In the wake of flooding that has inundated the Midwest, people offer different perspectives calling for more investment in flood control infrastructure as recovery begins along the Missouri River and in much of the Mississippi River watershed.
Some point to the need for upgraded flood control to improve climate resiliency, while others see a need to refocus the U.S. Army Corps of Engineers more on flood control and less on environmental rehabilitation.
Michael Walsh, a retired Army Corps of Engineers major general, said in an interview with DTN he thinks the center of the country is losing on critical infrastructure investment, partly because of a stubbornness to address climate resiliency. Meanwhile, coastal communities respond to disasters such as hurricanes to increase their resiliency to sea-level rise. That typically comes by setting up a long-term federal study or task force to examine new infrastructure needs.

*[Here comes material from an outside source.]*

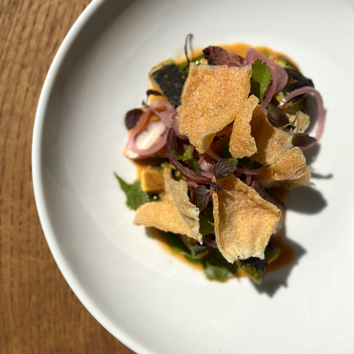 Ebenso köstlich, der „Hamachi“ mit Avocado, Tigermilch aus geräucherter Paprika und Togarashi, einer japanischen Würzmischung sowie fermentierten und frischen Radieschen, frischem Koriander und Krupek. – Ein Gang, bei dem klar wird, dass Joey Passarella ganz wundervoll mit Konsistenzen zu spielen versteht!
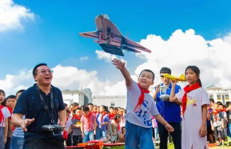 9月1日,江蘇如皋磨頭小學學生參與航模表演。徐慧 攝

“Never waste a good emergency.” Walsh said. “Certainly the flooding this year has meant the high water is going to last longer than it has in the past. I think the center of our country needs to have a massive plan at the watershed scale that most folks just don’t recognize.”
Walsh was in the Corps of Engineers for 36 years and commanded the Mississippi Valley Division during the 2011 flood. Walsh made the difficult decision during that flood to blow up Birds Point levee in southeast Missouri, which saved Cairo, Illinois, from more extreme flooding but also flooded more than 100,000 acres of Missouri crops.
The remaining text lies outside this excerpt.